Infirmation partielle 13 novembre 2019
Commentaire • 1
pendant 7 jours
Sur la décision
| Référence : | CA Reims, ch. soc., 13 nov. 2019, n° 18/00818 |
|---|---|
| Juridiction : | Cour d'appel de Reims |
| Numéro(s) : | 18/00818 |
| Décision précédente : | Conseil de prud'hommes de Reims, 15 mars 2018, N° F17/00173 |
| Dispositif : | Infirme partiellement, réforme ou modifie certaines dispositions de la décision déférée |
Texte intégral
Arrêt n°
du 13/11/2019
N° RG 18/00818
MLS/FJ
Formule exécutoire le :
à :
COUR D’APPEL DE REIMS
CHAMBRE SOCIALE
Arrêt du 13 novembre 2019
APPELANTE :
d’un jugement rendu le 15 mars 2018 par le Conseil de Prud’hommes de REIMS, section Commerce (n° F 17/00173)
SARL SERENIS GRAND EST
Anciennement dénommée INFO SERVICE CENTER
[…]
[…]
Représentée par la SCP DELVINCOURT-CAULIER RICHARD, avocats au barreau de REIMS et par Maître Marie-Sylvaine CAPIN-SIZAIRE, avocat au barreau de PARIS
INTIMÉE :
Madame Z X
[…]
[…]
Représentée par la SELARL LAQUILLE, avocat au barreau de REIMS
DÉBATS :
En audience publique, en application des dispositions des articles 786 et 907 du code de procédure civile, l’affaire a été débattue le 18 septembre 2019, les avocats ne s’y étant pas opposés, devant Madame Christine ROBERT-WARNET, président de chambre, et Madame Marie-Lisette SAUTRON, conseiller, chargés du rapport, qui en ont rendu compte à la cour dans son délibéré ; elle a été mise en délibéré au 13 novembre 2019.

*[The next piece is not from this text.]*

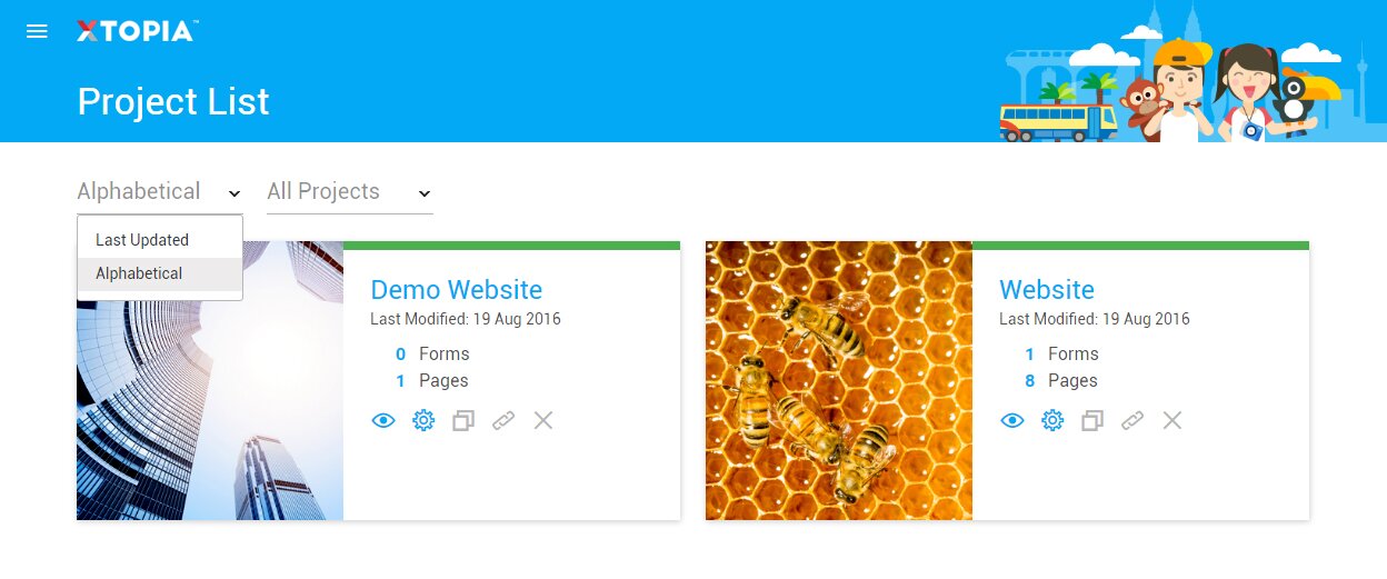 Filter the project list by the alphabetical order.

COMPOSITION DE LA COUR lors du délibéré :
Madame Christine ROBERT-WARNET, président
Madame Marie-Lisette SAUTRON, conseiller
Monsieur Olivier BECUWE, conseiller
GREFFIER lors des débats :
Monsieur Francis JOLLY, greffier
ARRÊT :
Prononcé publiquement par mise à disposition de l’arrêt au greffe de la cour d’appel, les parties en ayant été préalablement avisées dans les conditions prévues au deuxième alinéa de l’article 450 du code de procédure civile, et signé par Madame Christine ROBERT-WARNET, président, et Monsieur Francis JOLLY, greffier, auquel la minute de la décision a été remise par le magistrat signataire.
* * * * *
Exposé des faits :
Le 12 décembre 2007, Madame X a été embauchée par contrat à durée indéterminée par la société INFO SERVICE CENTER en qualité d’assistante administrative ressources humaines.
Par avenant du 15 mai 2010, elle a été nommée au poste de gestionnaire de ressources humaines.
Par divers avenants en 2011 et 2013, le temps de travail était réduit dans le cadre de congé parental.
Le 21 juillet 2016, la salariée a conclu avec l’employeur une rupture conventionnelle de son contrat de travail.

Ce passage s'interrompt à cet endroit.